The survey will be delivered to 10,300 randomly selected homes from Footscray to Williamstown on the weekend of November 28 and 29 as part of a University of Melbourne study of the effects paid parking is having on Yarraville Village businesses.
The survey will ask households whether paid parking has changed their shopping and parking habits.
Yarraville academic Gary Au, who is leading the study in collaboration with Emeritus Professor William Young of Monash University, said the survey would help determine whether shoppers had been driven to other destinations by the introduction of parking meters three months ago.
“We’re measuring whether this is significant enough to trigger them to visit elsewhere,” Dr Au said.

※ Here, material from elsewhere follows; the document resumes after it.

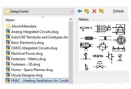 Každý výkres ve složce DesignCenter obsahuje sadu souvisejících definic bloků.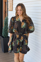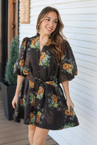 Get ready to turn heads in this stunning floral mini dress! Featuring charming puff sleeves and a ruffled V-neck collar, this piece brings playful elegance to your wardrobe. The front button closure offers easy styling, while the removable waist tie lets you cinch or skip it depending on your mood. With full lining and lined sleeves, you'll stay comfortable and supported throughout the day. Your go-to for effortless, feminine style!

“This is an academic research study. There’s no commercial link, we are paying for it from our own funds and it’s going to be used to inform decision-making.”
Both Maribyrnong and Hobsons Bay City councils are aware of the study.
Maribyrnong chief executive Stephen Wall said he was confident it would be a rigorous study.
“Council doesn’t have the resources to conduct a survey such as this and we’d be keen to see the scope and the data,” he said.
Mr Wall said the council had been meeting traders and trader associations about the effect of paid parking, but most of the evidence it obtained had been anecdotal.
The study comes as Maribyrnong councillors who voted against the introduction of paid parking continue to agitate for the removal of the meters.
Yarraville ward councillor Michael Clarke put a motion to Tuesday night’s council meeting calling on the council “to cease the operation of pay parking in Yarraville immediately”.
The motion pointed to reduced turnover by traders, a decline in use of parking spaces that now have meters, and pressure on parking spaces outside the pay parking area.
“I’m concerned for the economic viability of Yarraville Village and I’m proposing that pay parking be removed immediately to support this important retail strip,” he said.